I had to put a comedy up on this list.  Yeah, there's a couple more coming out, but I'm unsure about them.  While this may not be the be-all end-all comedy of the year... it's going to be funny and it's going to make you laugh.  That's all I'm looking for.  Well that... and Jennifer Aniston saying outrageously dirty things.



No Good Deed

This movie looks like dick.  Is anyone scared of stalker movies anymore?  What happened to these two actors?  They've both proven they're highly capable of performing in high caliber films.  Is this a paycheck movie?  Did the script read differently than it looks?  Is it secretly good?  I'm willing to bet not.  Because it's going to suck.  Hard.


The Best of Me


Take a look at that poster.  What does it remind of you of?  EVERY NICHOLAS SPARKS MOVIE EVER MADE EVER??? What?  It is Nicholas Sparks??  Seriously???? FUCK YOU SPARKS.  It's gonna suck.  PS-- Who do you think is gonna die in this one?  I bet it's Channing Tatum's dad again.

Dracula Untold


Man, Hollywood, you really know how to hammer one concept until it's so dead people just laugh at the mere concept of it rather than consider whether or not they'd actually be interested in seeing it.  I see Dracula... I think... when's the new Adam Sandler movie coming out.  And when I think those thoughts... THOSE ARE NOT GOOD THOUGHTS.

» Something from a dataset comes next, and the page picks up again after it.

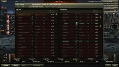 A vicc az abban, hogy megint csupa ügyes közé osztott (nem az MM miatt bosszankodok, hanem amiatt, hogy minden nyomorék tankozhat), hogy a V_B klános okoska végig adta nekem az instrukciókat amikor egyedül maradtam a végére 5 ellen... Aztán egyszer még hallgattam is rá, valamint felidegesített és elkezdtem kapkodni. Valahogy la lehet tiltani a chatet ebben a játékban?

Ha.  Haha.  Hahahaha.  Hahahahahahaha.  HAHAHAHAHAHAHAHAHAHAHA.  No.  NO way.  No.  This isn't real.  HAHAHAHAHAHAHAHAHAHA. A board game?  Wait?  Produced by Michael Bay???? No.  HAHAHAHAHAHAHAHAHAHAHA.  I hate Humanity.


Beyond The Lights


Yeah, sorry dude.  When your selling point is "from the writer and director of Love and Basketball" a movie from 1998, almost 16 years ago that no one remembers... it's gonna suck.



The Maze Runner


It's got that same crappy teen-book Divergent feel to it, but there's something about it that intrigues me.  I like the idea of the story, but I'm not sure how well the execution is going to be and who the audience is intended for.  This is why I'm can't pin down which category it goes it.  It's not going to be an alright movie.  It's either going to be great, or incredibly forgettable.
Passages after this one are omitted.